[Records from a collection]
*** Begin section ***

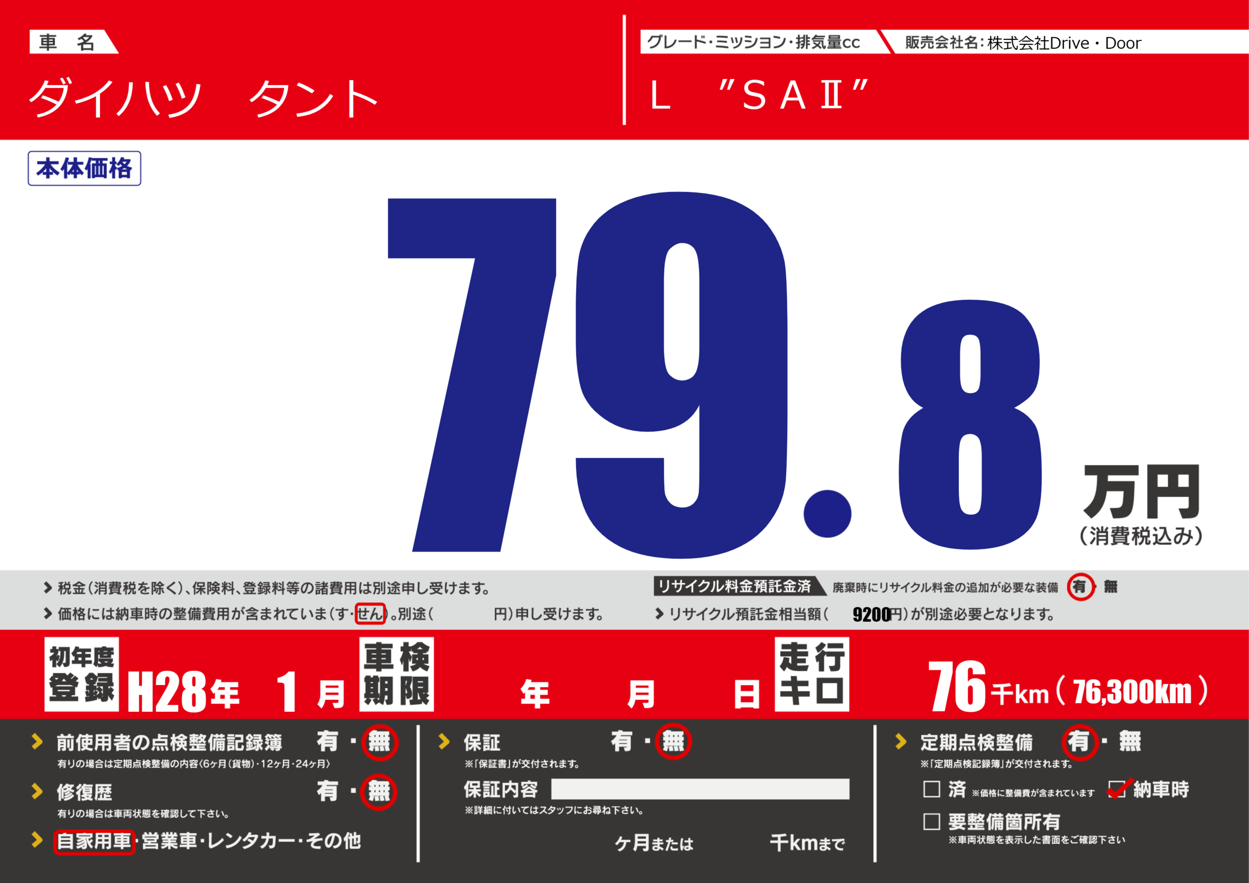 | 走行キロ | 7.6万km | ||
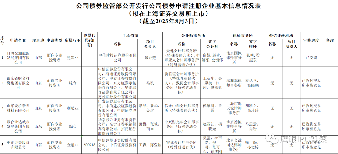 这5家企业的申请类型均为“面向专业投资者”,目前日照交通能源发展集团有限公司的审核状态为“已反馈”,其余4家均为“已收到交易所审核意见”。
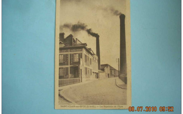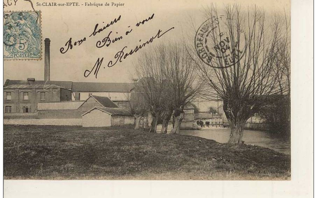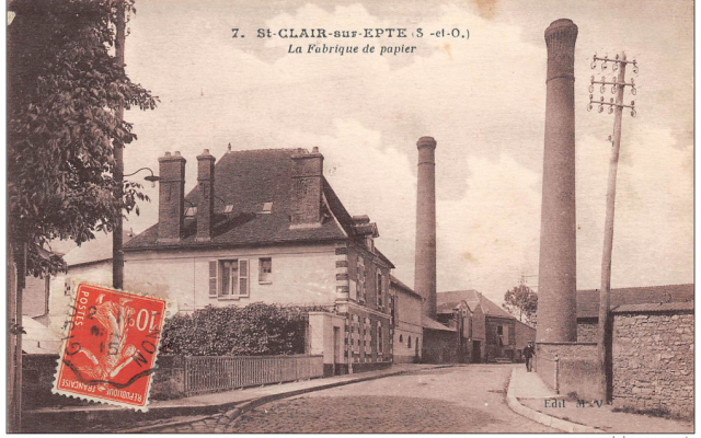 CHATEAU SUR EPTE – SAINT CLAIR SUR EPTE : Ces deux communes, que l’Epte sépare, ont partagé la vie des Papeteries de St.Clair, comme on les appelait communément. L’emprise de l’usine se trouvait sur la commune de Chateau sur Epte alors que la chute d’eau dépendait de St.Clair.
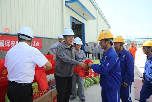 近日,公司黨委副書(shū)記、總經(jīng)理趙亮到中化勞務(wù)公司岳化新材料項(xiàng)目開(kāi)展“夏季送清涼 防暑保安康”慰問(wèn)活動(dòng),叮囑一線職工增強(qiáng)防暑降溫意識(shí),提升自我保護(hù)能力。
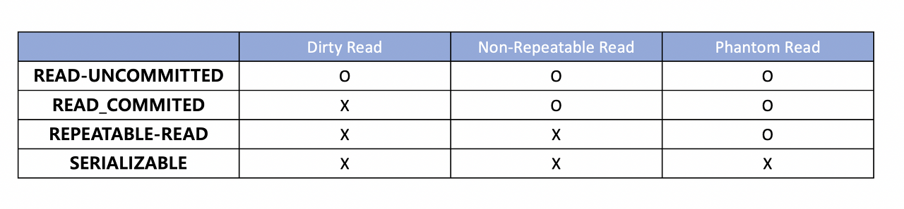 격리 수준은 READ UNCOMMITTED(커밋되지 않은 읽기), READ COMMITTED(커밋된 읽기), REPEATABLE READ(반복 가능한 읽기), SERIALIZABLE(직렬화 가능) 으로 정의할 수 있습니다. 순서대로 READ UNCOMMITTED의 격리 수준이 가장 낮고 SERIALIZABLE의 격리 수준이 가장 높습니다.
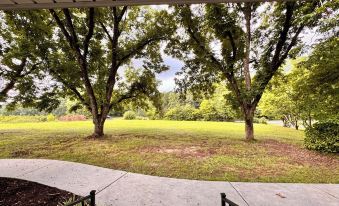 Century Farmhouse sits on 7 acres with a spacious open field and a large front and backyard bordering a creek and cove on Lake Keowee. There is plenty of space for parking boats, trailers, and campers. However, please note that there are currently no hookups available for campers or RVs.
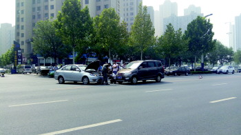 13日上午10时许,湖滨南大道兴河湾小区门口,出小区的轿车与北行商务车相撞,所幸只是轻微刮擦,没有人员受伤。 本报记者 徐良 摄
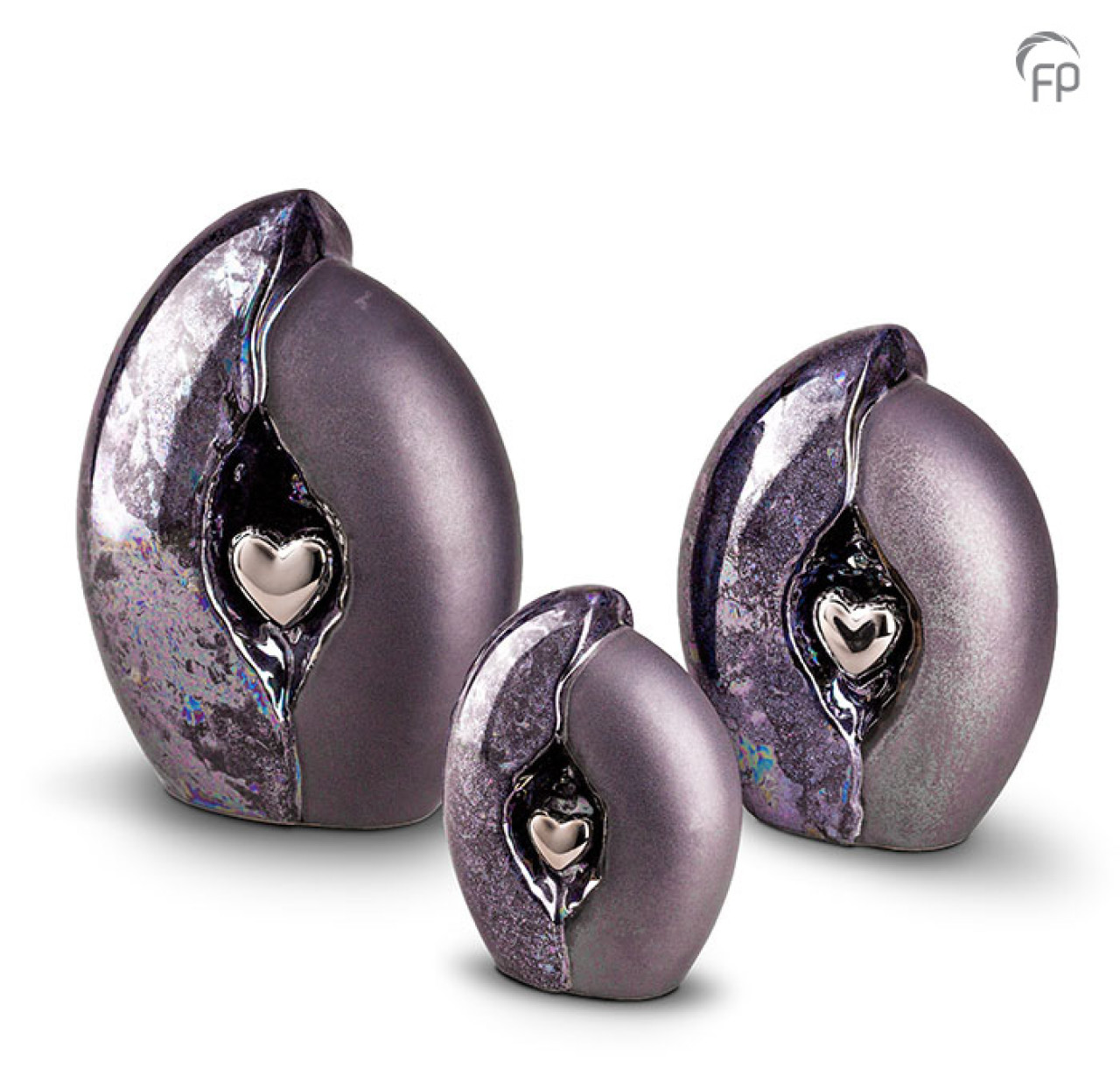 De keramische sierurnen met zilver hart zijn er in 3 verschillende maten (3,8 liter / 2,2 liter / 0,8 liter), hier afgebeeld in een parelmoerblauw/zwarte tint. Een prachtig symbool om uw geliefde in te gedenken. Bezoek ook onze showroom en bekijk onze uitgebreide collectie sierurnen. Prijs EUR 395,00 / EUR 295,00 / EUR 255,00

*** End section ***

Leave out the pictures and repeat exactly the lines from the first line of the data through the line containing "격리 수준은 READ". Add nothing else.

### EXERCISE RESPONSE
 | 走行キロ | 7.6万km | ||
 这5家企业的申请类型均为“面向专业投资者”,目前日照交通能源发展集团有限公司的审核状态为“已反馈”,其余4家均为“已收到交易所审核意见”。
 CHATEAU SUR EPTE – SAINT CLAIR SUR EPTE : Ces deux communes, que l’Epte sépare, ont partagé la vie des Papeteries de St.Clair, comme on les appelait communément. L’emprise de l’usine se trouvait sur la commune de Chateau sur Epte alors que la chute d’eau dépendait de St.Clair.
 近日,公司黨委副書(shū)記、總經(jīng)理趙亮到中化勞務(wù)公司岳化新材料項(xiàng)目開(kāi)展“夏季送清涼 防暑保安康”慰問(wèn)活動(dòng),叮囑一線職工增強(qiáng)防暑降溫意識(shí),提升自我保護(hù)能力。
 격리 수준은 READ UNCOMMITTED(커밋되지 않은 읽기), READ COMMITTED(커밋된 읽기), REPEATABLE READ(반복 가능한 읽기), SERIALIZABLE(직렬화 가능) 으로 정의할 수 있습니다. 순서대로 READ UNCOMMITTED의 격리 수준이 가장 낮고 SERIALIZABLE의 격리 수준이 가장 높습니다.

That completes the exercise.